## Source data
↓↓↓

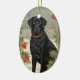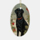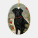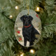A black Labrador Retriever sits in a snowy winter scene, framed by holly branches with red berries. The dog has a red collar and looks directly at the viewer with a calm and dignified expression. The background features a snowy forest with bare branches and a soft, muted colour palette. The image evokes a sense of tranquillity and the beauty of winter.
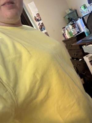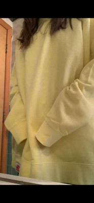 So happy with this sweatshirt. It's true to size and comfortable. Loving the yellow, its not overly bright. The sleeves are long but it makes for a good lounge sweater. The length is good as well. Can be worn for long fit or pulled up to your waist.
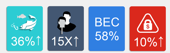 Compromiso de correo electrónico comercial: El compromiso de correo electrónico comercial promedio (BEC) le cuesta a las organizaciones $ 108K. Según Gartner, esos compromisos eluden fácilmente los productos tradicionales de puerta de enlace de correo electrónico seguro (SEG) que se basan en firmas.
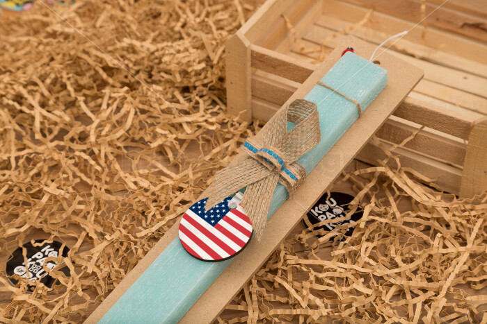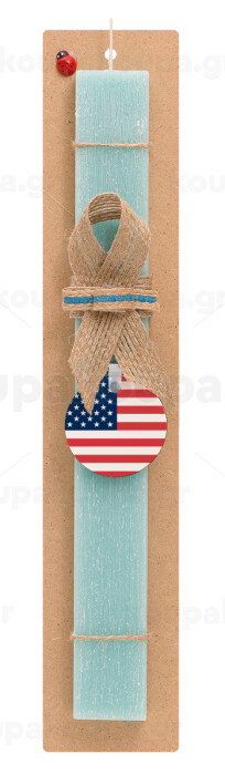 USA flag, Easter Set, wooden keychain & aromatic flat Easter candle (30cm) (TURQUOISE)
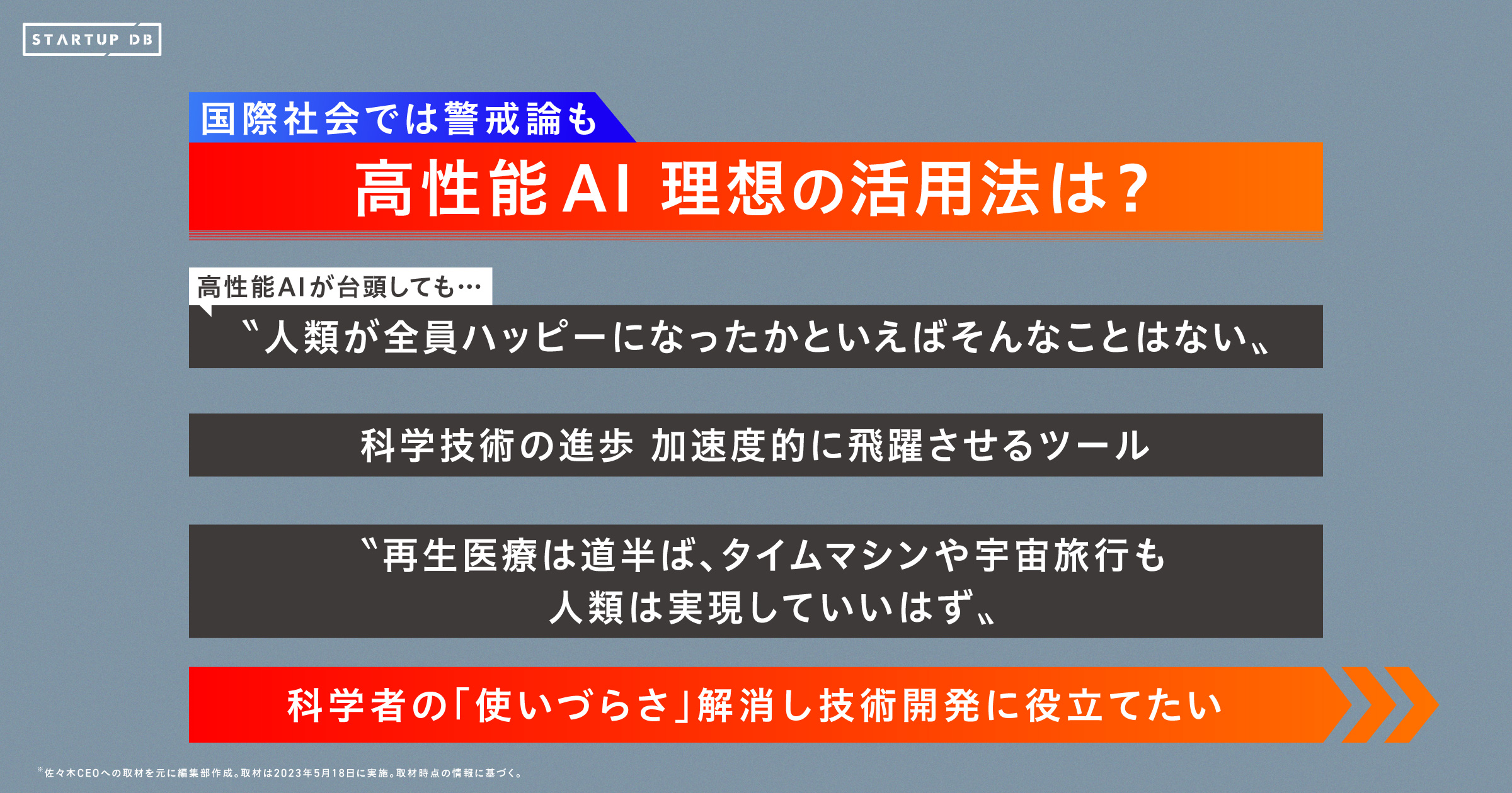 「本当に人類のためを考えるならば規制せずにどんどん進めていくべき、という考えはベースにあります。ただこれだけのビッグテクノロジーであれば、人類の生活などを守りながら進んでいくことも必要かもしれません」と佐々木さんは理解を示す。
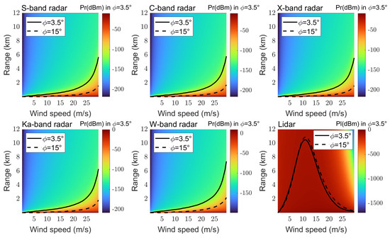 With and of SSA, the echo power was calculated across a range of elevation angles and wind speeds based on instrument parameters concluded in Table 1. Elevation angles were considered here because the altitude, relative to , varied with detection ranges and elevation angles. Figure 5 illustrates the impact of elevation angles and wind speeds on the performances of the lidar and radars. indicates the critical point where the echo power was equal to the receiver sensitivity and the velocity variance of the Doppler system met the requirements, as drawn with black curves, where the solid and dashed curves are for and , respectively.
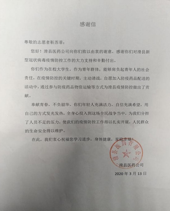 本次疫情期间,世界杯学生靳苏菲很荣幸自己能够作为志愿者为本次疫情贡献自己的一份力量。此次疫情的志愿工作主要是参与防疫药品物资运输与配送,这次活动,让她了解到志愿服务活动培养她的不仅仅是一种精神,更是培养了自己的极限和耐力,同时也看到自己的潜力。每当感到疲惫的时候,想想战疫前线的白衣战士,想想值岗值班的公安卫士,想想临危不惧的社区勇士,想想身边和她并肩作战的志愿者们,期待如李贺曾在诗中所道“寒风又变为春柳,条条看即烟濛濛”,期待冬天快点过去,期待春天快点到来,期待疫情早日散去,祖国无恙,你我皆安,人间充满爱与希望,想到这里也就不会感到那么累了。
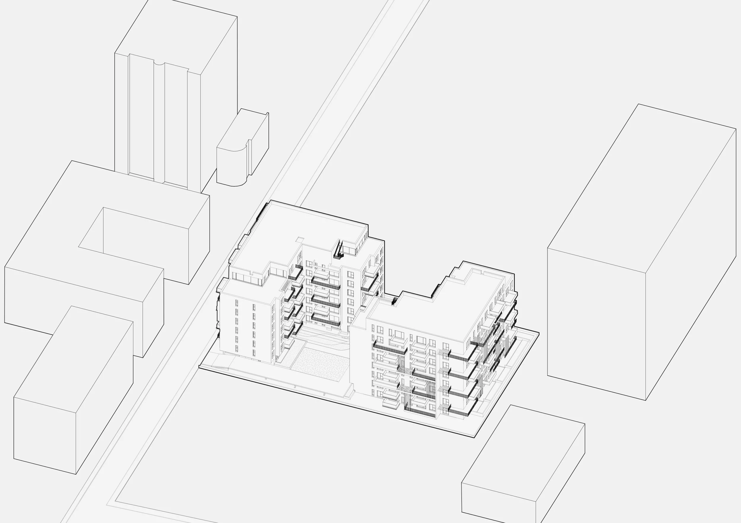 The creative process was based on the use of minimal yet sophisticated lines and shapes, aiming to produce a contemporary residential project that addresses the needs of each type of future resident. The palette of colours and materials selected contributes to the creation of a complex building that combines a new perspective for housing in the area but can also be easily assimilated by its surroundings.
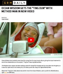 Ocean Wisdom – ‘Ting Dun’ Feat, Method Man – GRM Daily Feature High Focus2018-07-03T14:21:05+00:00July 3rd, 2018|Ocean Wisdom, Press| http://grmdaily.com/video/ocean-wisdom-ting-dun-method-man
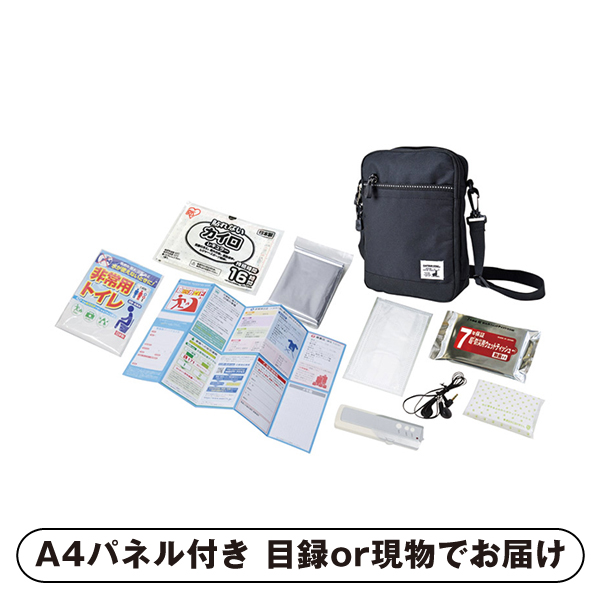 | 内容 | ショルダーバッグ(約170×240×70mm)×1、防寒シート・非常用トイレ・ポケットティッシュ(8W)・カイロ・マスク・防災用ウエットティッシュ(20枚)・コンパクトFMラジオ・防災ガイド×各1 A4パネル×1 |

↑↑↑

## Action item
Within the data above, repeat exactly the lines from the one bearing "So happy with" through the one bearing "USA flag, Easter". Include no pictures and nothing else.

## Worked solution
 So happy with this sweatshirt. It's true to size and comfortable. Loving the yellow, its not overly bright. The sleeves are long but it makes for a good lounge sweater. The length is good as well. Can be worn for long fit or pulled up to your waist.
 Compromiso de correo electrónico comercial: El compromiso de correo electrónico comercial promedio (BEC) le cuesta a las organizaciones $ 108K. Según Gartner, esos compromisos eluden fácilmente los productos tradicionales de puerta de enlace de correo electrónico seguro (SEG) que se basan en firmas.
 USA flag, Easter Set, wooden keychain & aromatic flat Easter candle (30cm) (TURQUOISE)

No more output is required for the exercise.